Les acheteurs indirects au Canada – ont-ils une cause d’action?

  • 11 juillet 2012
  • Becky Rynor

Si vous avez un écran de télévision à affichage à cristaux liquides – ou, auparavant, un écran cathodique – l’avocat J.J. Camp déclare que vous avez été victime de fixation des prix.

« La mémoire contenue dans cette télévision, soit la mémoire vive dynamique, a fait l’objet d’une fixation de prix », déclare Me Camp. Il affirme que les sociétés en cause ont plaidé coupable concernant des sommes s’élevant à « plusieurs centaines de millions de dollars ».

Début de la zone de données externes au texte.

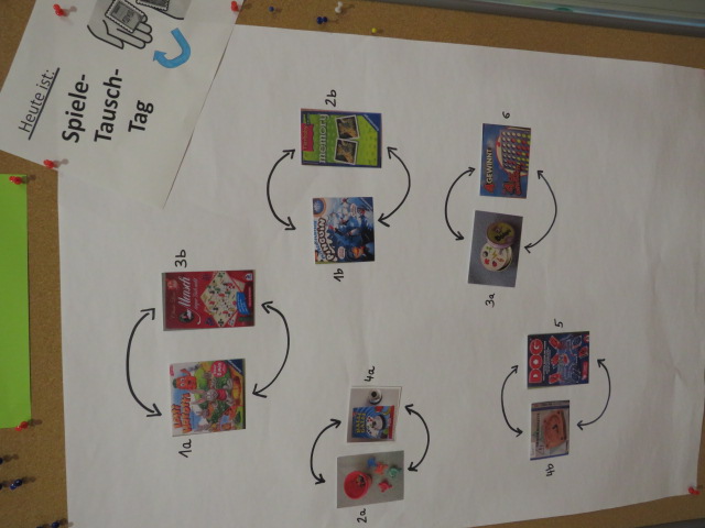 So lautet seit einigen Tagen in der AHS das neue Monatsmotto. In den Klassen werden Gesellschaftsspiele gespielt und die Schülerinnen und Schüler haben die Möglichkeit Spiele für Ihre Klasse auszuleihen und Spiele klassenweise zu tauschen. Inzwischen haben einige Klassen eine feste Spielezeit etabliert und die Kinder sind mit viel Freude dabei, miteinander „UNO“, „Mensch ärgere Dich nicht“ und Co. zu zocken. Bei der Malaktion im Foyer während der Pausenzeiten haben die Kinder aufgemalt und geschrieben, was für (digitale und analoge) Lieblingsspiele sie haben. Die Aktion wird noch weitergehen: auf die Kinder wartet ein AHS- Bilderrätsel (mit Fotografien eines Sechstklässlers) und wir werden Hüpfspiele auf dem Pausenhof machen.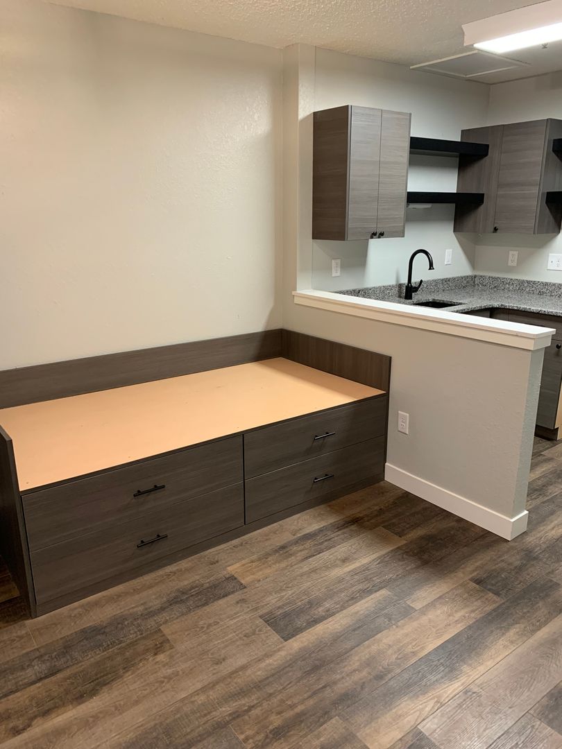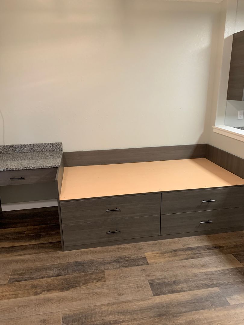 Cherry Square is located in the heart of downtown Mankato. This efficiency apartment has been fully remodeled. Custom cabinets were built to accommodate a twin size mattress with under bed storage, as well as desk/work station and tons of built in storage throughout. We packed a lot into a little space! Complete with new paint, appliances, vinyl flooring, kitchen cabinets, fixtures, and granite countertops, new bathroom vanities, shower surrounds and fixtures, along with new heaters and lighting in all units. Security building with elevator access and assigned parking. Under new ownership and management!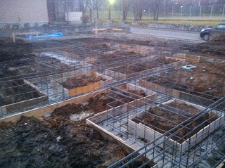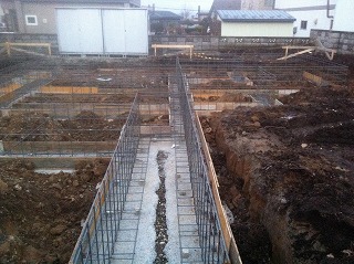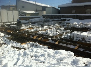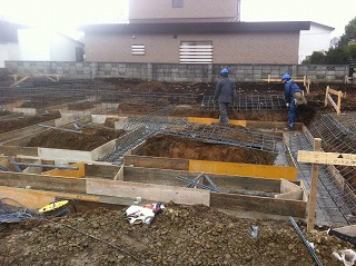 本日午後に捨てコンを打設し明日鉄筋の材料の搬入予定です。

En tant qu’acheteurs indirects de ces gadgets électroniques – après les fabricants, les distributeurs, les grossistes et les détaillants ou les acheteurs directs – les consommateurs devraient-ils bénéficier d’une reconnaissance de leurs réclamations ou recours collectifs par les tribunaux? À l’heure actuelle, le cabinet de Vancouver dans lequel travaille Me Camp, soit Camp, Fiorante, Mathews, Mogerman, s’occupe « d’environ une douzaine » de ces affaires. Selon lui, la réponse ne fait aucun doute.

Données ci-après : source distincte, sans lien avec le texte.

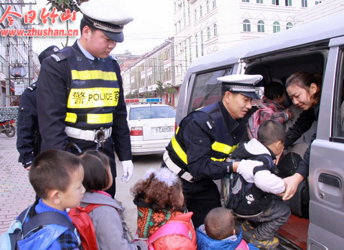 今日竹山网消息 11月18日下午,宝丰派出所民警和县交警二中队交警在该镇育才双语幼儿园联合核查校车乘坐幼儿人数。日前,该镇公安、教育强强联手,加强对校车司机安全教育管理和校车行驶安全管理,认真执行校车安检制度,严格落实责任制和责任追究制,切实加强山区学校校车安全管理,确保每一名中小学生和幼儿的生命安全。 (朱本双 何平)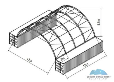 This 40x40ft (12x12m) Double Truss Bolted Quicklock Industrial Grade Dome Shelter is built to withstand the heavy-duty demands of large-scale projects, where semi-permanent, robust shelters are required.  This Quality Domes Direct container shelter is renowned for its ease of installation, portability and exceptional durability, making the steel frame, PVC fabric shelter a preferred choice over permanent steel structures.
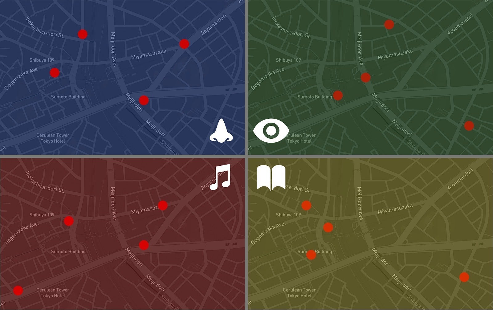 感性と都市を結びつけ街への視点を多様化させることを目指し、そんなことを考え、好きな音楽に基づいて場所を探せる地図を作り始めました。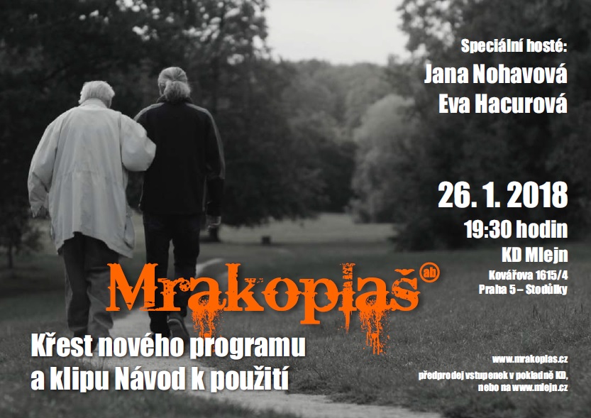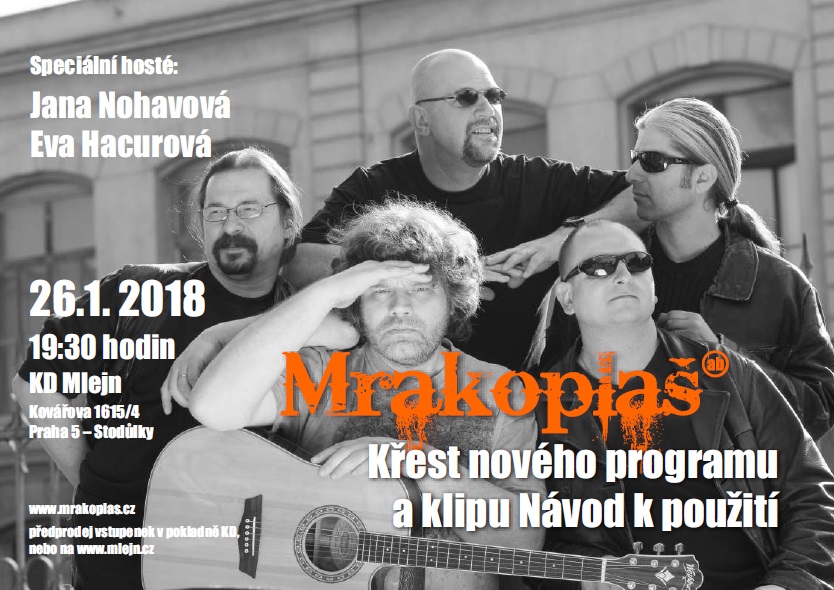 Skupina Mrakoplaš, která nedávno vydala album Hlídač připravuje pro své fanoušky speciální koncert, který proběhne 26. ledna 2018 od 19.30 hodin v KD Mlejn (Kovářova 4, Praha 5 – Stodůlky).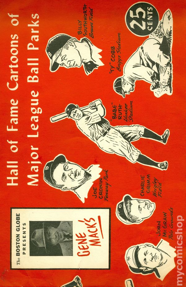 Gene Mack's Hall of Fame Cartoons, Major League Ball Parks (1947). Gene Mack began his career as cartoonist for the sports pages of the Boston Globe in 1915. The cartoons in this collection depict Major League ball parks and famous players of the era. Accompanying each full page cartoon is a page of text featuring a little history and a description of the field pictured. The back cover features drawings by Mack of baseball luminaries such as Honus Wagner, Ty Cobb, Babe Ruth, Connie Mack (Gene's cousin), Ted Williams, and more. This collection was published in 1947. A nice collector's item for baseball fans. Black and white, 36 pages, 50c cover price. 11 in. x 7 in. Cover price $0.25.

Il s’explique. « Si l’on présume que les consommateurs ont payé l’excédent, et penser autrement serait contraire au bon sens, il ne fait aucun doute que les acheteurs indirects – presque inévitablement les consommateurs – payent l’excédent. Pourquoi donc n’auraient-ils pas le droit d’intenter des poursuites? »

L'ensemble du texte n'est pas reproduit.